▸ **YOUR OBJECTIVE**
Set down a faithful copy of every record, and skip the pictures in it.

▸ **PROVIDED MATERIAL**
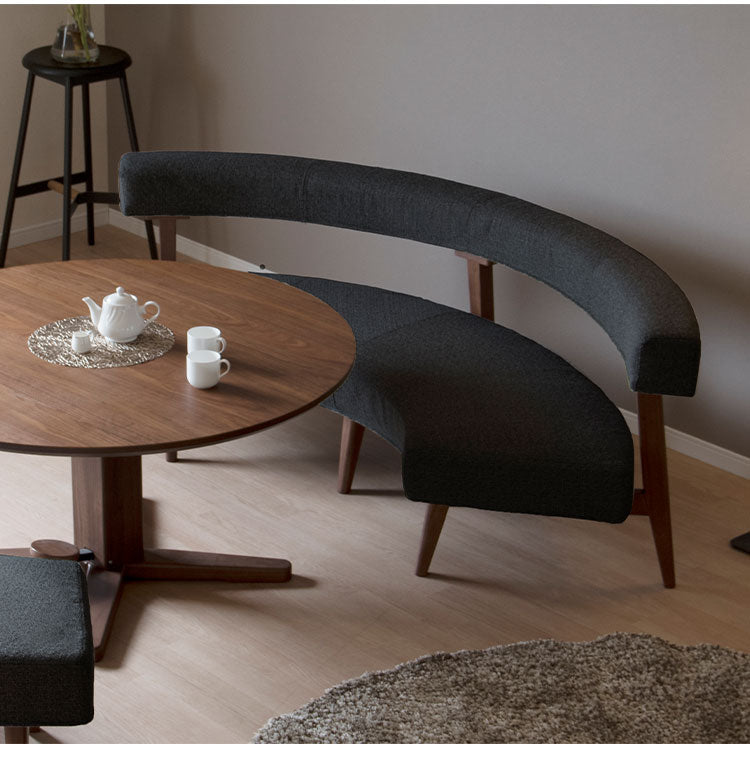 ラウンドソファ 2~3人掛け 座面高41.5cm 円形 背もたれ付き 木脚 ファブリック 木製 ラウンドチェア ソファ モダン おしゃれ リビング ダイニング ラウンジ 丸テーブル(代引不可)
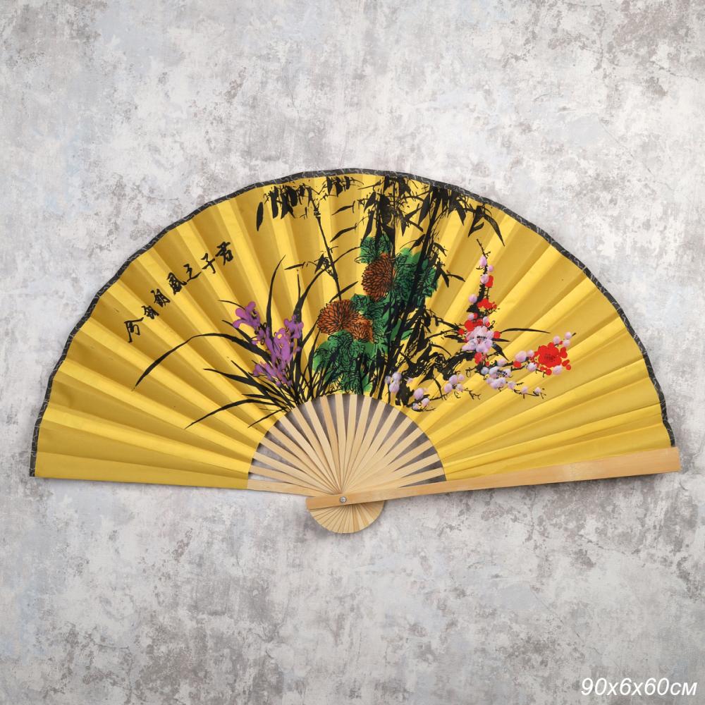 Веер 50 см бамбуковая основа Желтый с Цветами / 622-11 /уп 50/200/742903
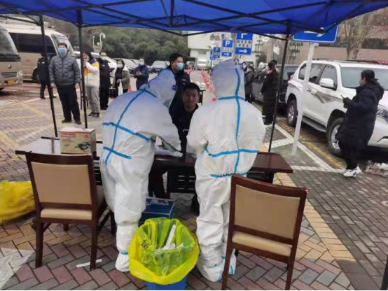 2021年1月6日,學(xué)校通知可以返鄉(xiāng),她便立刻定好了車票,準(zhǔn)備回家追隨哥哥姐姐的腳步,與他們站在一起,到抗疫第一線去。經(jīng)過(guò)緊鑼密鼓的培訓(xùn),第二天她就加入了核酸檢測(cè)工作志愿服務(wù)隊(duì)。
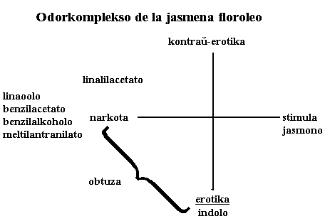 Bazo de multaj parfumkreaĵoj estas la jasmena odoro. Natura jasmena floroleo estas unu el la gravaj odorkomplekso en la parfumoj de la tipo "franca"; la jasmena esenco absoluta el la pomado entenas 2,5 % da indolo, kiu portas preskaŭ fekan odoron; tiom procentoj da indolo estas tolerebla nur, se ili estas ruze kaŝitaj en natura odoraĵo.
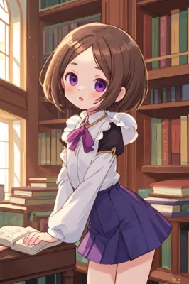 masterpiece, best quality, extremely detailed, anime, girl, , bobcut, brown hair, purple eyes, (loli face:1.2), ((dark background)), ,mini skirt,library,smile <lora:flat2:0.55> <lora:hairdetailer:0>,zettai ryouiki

▸ **EXERCISE RESULT**
 ラウンドソファ 2~3人掛け 座面高41.5cm 円形 背もたれ付き 木脚 ファブリック 木製 ラウンドチェア ソファ モダン おしゃれ リビング ダイニング ラウンジ 丸テーブル(代引不可)
 Веер 50 см бамбуковая основа Желтый с Цветами / 622-11 /уп 50/200/742903
 2021年1月6日,學(xué)校通知可以返鄉(xiāng),她便立刻定好了車票,準(zhǔn)備回家追隨哥哥姐姐的腳步,與他們站在一起,到抗疫第一線去。經(jīng)過(guò)緊鑼密鼓的培訓(xùn),第二天她就加入了核酸檢測(cè)工作志愿服務(wù)隊(duì)。
 Bazo de multaj parfumkreaĵoj estas la jasmena odoro. Natura jasmena floroleo estas unu el la gravaj odorkomplekso en la parfumoj de la tipo "franca"; la jasmena esenco absoluta el la pomado entenas 2,5 % da indolo, kiu portas preskaŭ fekan odoron; tiom procentoj da indolo estas tolerebla nur, se ili estas ruze kaŝitaj en natura odoraĵo.
 masterpiece, best quality, extremely detailed, anime, girl, , bobcut, brown hair, purple eyes, (loli face:1.2), ((dark background)), ,mini skirt,library,smile <lora:flat2:0.55> <lora:hairdetailer:0>,zettai ryouiki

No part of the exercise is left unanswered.